- Location: 8 Via Domenico Oliva, Rome, Italy
- Date: 10 April 1994
- Target: Antonella Di Veroli
- Attack type: shooting, suffocation
- Weapons: gun, plastic bag
- Deaths: 1
- Perpetrator: unknown
- Motive: unknown

= Murder of Antonella Di Veroli =

1994 murder in Rome, Italy

On 10 April 1994, 47-year-old Antonella Di Veroli was killed in her home in Rome, Italy. The crime is unsolved as of 2026.

== Crime ==
Di Veroli worked as an employment consultant. She was killed in her home by asphyxiation on 10 April 1994. The killer had shot her in the head with a small calibre pistol, while she was still lying on the bed, before suffocating her with a plastic bag. The two shots had been non-fatal. An autopsy revealed she had taken a hypnotic before her death. The body was then hidden in the bedroom wardrobe and the door was sealed with mastic.
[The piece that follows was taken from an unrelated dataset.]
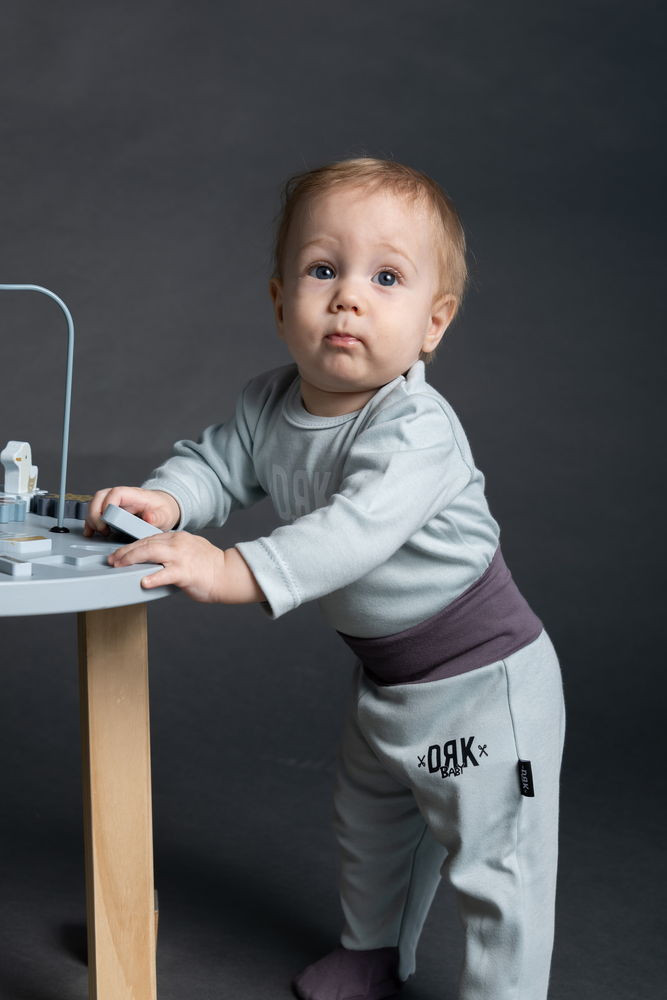 Puha, meleg és kényelmes - ez a pamut baba nadrág a legjobb választás a hidegebb hónapokra. Barack színű nadrágban a kis huncutok ellenállhatatlanul cukik lesznek, míg a DRK minta még a legkomorabb napokon is mosolyt csal az arcukra. Az elasztikus gumis derék könnyen alkalmazkodik a babák mozgásához, biztosítva a tökéletes illeszkedést és kényelmet. A lábfejes kialakítás pedig segít megtartani a meleget a kicsik lábán. Könnyen kezelhető, szín- és formatartó minőségi anyagból készült, így tökéletes választás azok számára, akik szeretnének egy praktikus, mégis stílusos darabot a babájuk szekrényébe.

On 12 April, Di Veroli's sister came to look for her after she did not answer the phone. Her sister left after not finding her. Shortly after, her ex-boyfriend and business partner, Umberto Nardinocchi, arrived at her house together with his son and a friend, a police inspector. Upon entering the apartment, they noticed it was unusually messy, but otherwise nothing suggested a crime had happened. Nardinocchi returned around midnight hoping to find her but found nothing. The next morning, her sister and her husband searched the apartment, wearing rubber gloves so as not to contaminate the scene. After searching all the rooms, they looked in the bedroom wardrobe after noticing one of the doors had been closed with putty. When they managed to open it they discovered the body of Antonella Di Veroli.

== Investigations ==
Investigations at the time focused on two men who had had a relationship with the victim. The first suspect was Nardinocchi, an older colleague of the victim (who was acquitted at the end of the preliminary investigation), the second was Vittorio Biffani (1942–2003), a photographer with whom Antonella Di Veroli had had a relationship shortly before which had ended abruptly and to whom she had lent 42 million lire, which had never been returned.

The trail of a third suspect remained, and was made concrete by the numerous clues underestimated in the first phase of the investigation and which came to light during the trial in the assize court. With the new techniques on DNA and fingerprints meant the case could be potentially solvable.

== Trial ==
Biffani was sent for trial and tried together with his wife, who was accused of having threatened and attempted to extort money from her husband's ex-lover with a series of falsified and recorded phone calls to be used as blackmail. The trial began in 1995 and in 1997 the couple was acquitted, which was confirmed on appeal and by the Supreme Court in 2003. The man was also cleared of the charges by a fingerprint found on a wardrobe belonging to a third person who was never identified and by the evidence of the paraffin glove which, initially positive, later proved to be unreliable. Despite an attempt to reopen the case in 2011, no further developments were ever made and the case remained unsolved.

== In the media ==
The episode "The Mystery of the Locked Room" of the documentary series Blu notte - Misteri italiani, broadcast in 2000, focuses on the reconstruction of the events. The journalist Mauro Valentini is also the author of an investigative book on the case, 40 steps: the murder of Antonella Di Veroli, published in 2014.